STORED DATA:
* * * * *
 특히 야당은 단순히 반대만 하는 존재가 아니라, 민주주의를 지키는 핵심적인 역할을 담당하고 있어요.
* * * * *
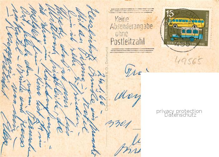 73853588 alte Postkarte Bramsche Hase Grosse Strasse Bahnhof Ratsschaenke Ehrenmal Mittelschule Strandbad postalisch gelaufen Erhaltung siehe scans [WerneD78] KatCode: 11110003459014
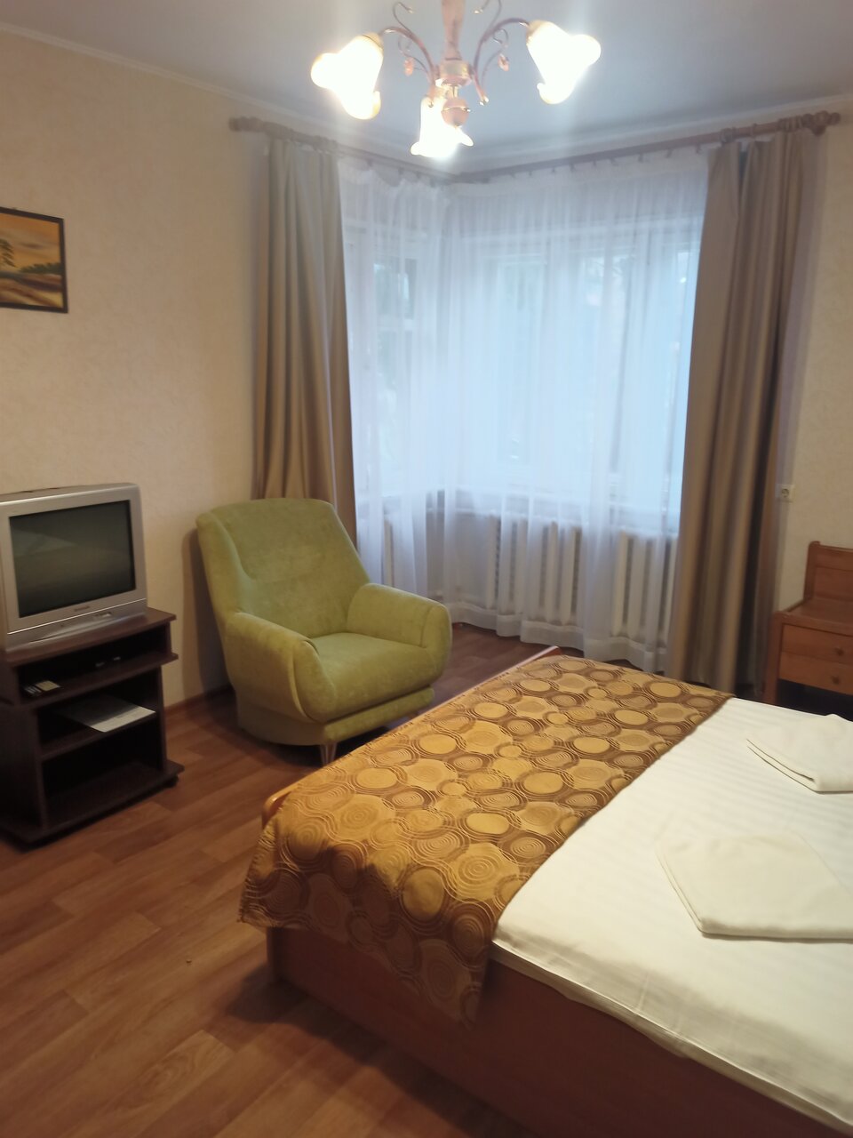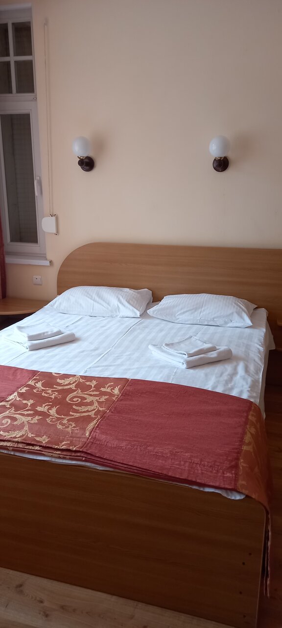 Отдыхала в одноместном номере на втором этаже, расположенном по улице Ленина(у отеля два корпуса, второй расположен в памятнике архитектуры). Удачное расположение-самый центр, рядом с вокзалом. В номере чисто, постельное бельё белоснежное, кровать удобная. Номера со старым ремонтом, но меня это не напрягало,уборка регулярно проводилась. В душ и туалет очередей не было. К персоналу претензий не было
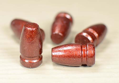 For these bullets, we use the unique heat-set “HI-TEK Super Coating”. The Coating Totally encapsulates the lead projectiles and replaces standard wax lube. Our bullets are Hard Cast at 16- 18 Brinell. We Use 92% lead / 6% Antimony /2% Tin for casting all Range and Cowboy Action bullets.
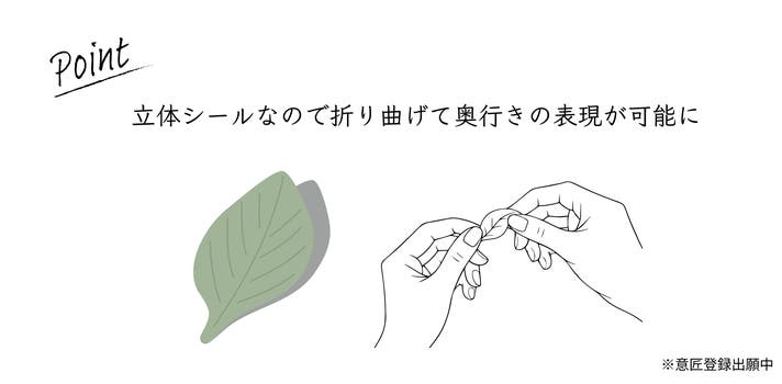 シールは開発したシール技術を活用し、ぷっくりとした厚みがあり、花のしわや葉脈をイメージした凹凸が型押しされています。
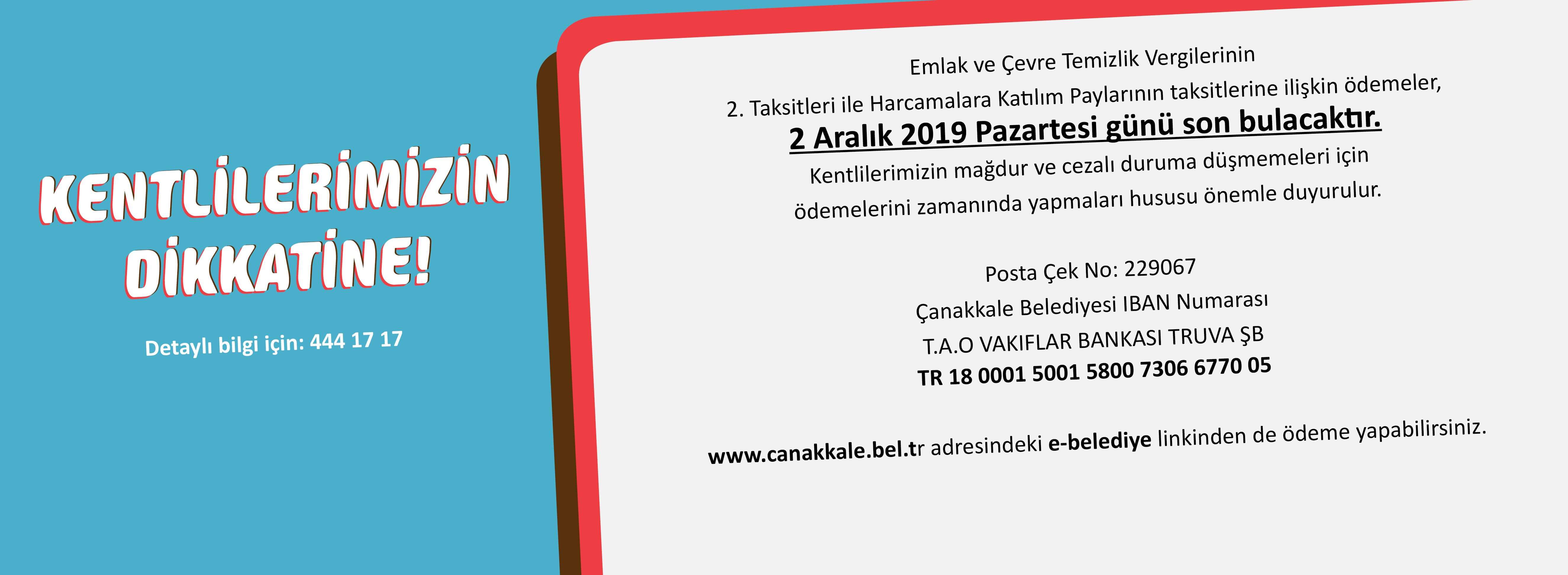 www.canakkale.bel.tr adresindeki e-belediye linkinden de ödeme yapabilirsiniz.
* * * * *
WORK TASK: Output only the lines above from the line that holds "Отдыхала в одноместном" through the line that holds "www.canakkale.bel.tr adresindeki e-belediye", both ends included, and exclude pictures.

ANSWER:
 Отдыхала в одноместном номере на втором этаже, расположенном по улице Ленина(у отеля два корпуса, второй расположен в памятнике архитектуры). Удачное расположение-самый центр, рядом с вокзалом. В номере чисто, постельное бельё белоснежное, кровать удобная. Номера со старым ремонтом, но меня это не напрягало,уборка регулярно проводилась. В душ и туалет очередей не было. К персоналу претензий не было
 For these bullets, we use the unique heat-set “HI-TEK Super Coating”. The Coating Totally encapsulates the lead projectiles and replaces standard wax lube. Our bullets are Hard Cast at 16- 18 Brinell. We Use 92% lead / 6% Antimony /2% Tin for casting all Range and Cowboy Action bullets.
 シールは開発したシール技術を活用し、ぷっくりとした厚みがあり、花のしわや葉脈をイメージした凹凸が型押しされています。
 www.canakkale.bel.tr adresindeki e-belediye linkinden de ödeme yapabilirsiniz.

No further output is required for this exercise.